--- Activity ---
Look below for the line that contains "International Shooting Sport Federation: Both", then quote it and all the lines after it, exactly, with the pictures left out.

--- Raw data ---
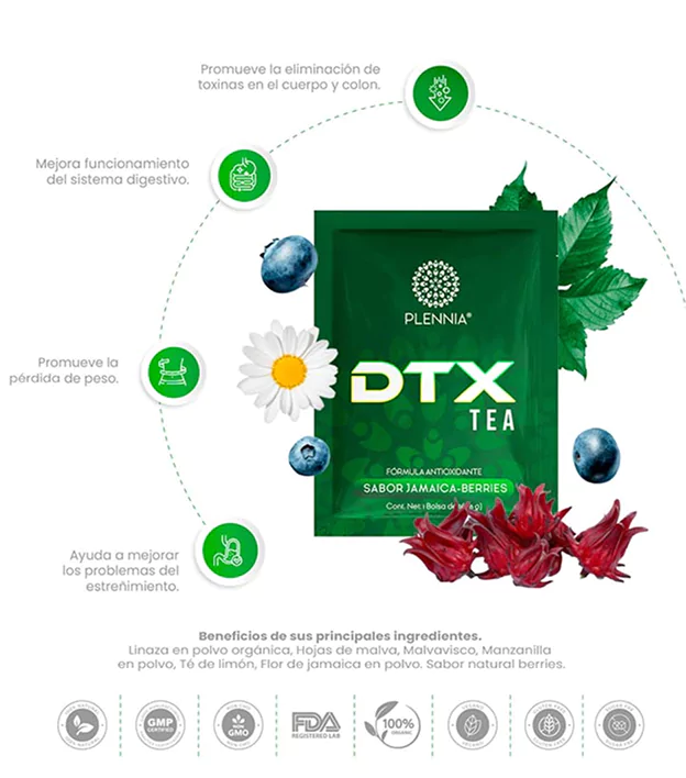 Linaza en polvo orgánica, Fibra de inulina, Cúrcuma en Polvo (Curcuma Longa), Hojas de malva (Malva sylvestris), Hojas de malvavisco (Althaea officinalis), Manzanilla en polvo (Chamaemelum nobile), Té de limón (Cymbopogon citratus), Extracto de papaya (Carica papaya L), Flor de jamaica (Hibiscus sabdariffa) en polvo y Sabor natural berries.
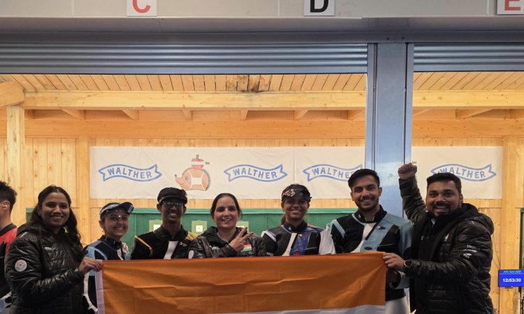 International Shooting Sport Federation: Both Indian teams in the 10m air rifle mixed team event of the International Shooting Sport Federation (ISSF) Junior World Cup in Suhl, won medals, silver and bronze respectively, to land India a second double podium finish in the tournament in two days on Sunday.
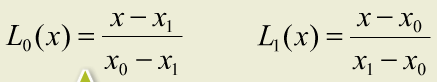 - L_0(x)는 (x0, 1), (x1, 0)을, L_1(x)는 (x0, 0), (x1, 1)을 지나는 1차 다항식은 다음과 같음

--- Result ---
 International Shooting Sport Federation: Both Indian teams in the 10m air rifle mixed team event of the International Shooting Sport Federation (ISSF) Junior World Cup in Suhl, won medals, silver and bronze respectively, to land India a second double podium finish in the tournament in two days on Sunday.
 - L_0(x)는 (x0, 1), (x1, 0)을, L_1(x)는 (x0, 0), (x1, 1)을 지나는 1차 다항식은 다음과 같음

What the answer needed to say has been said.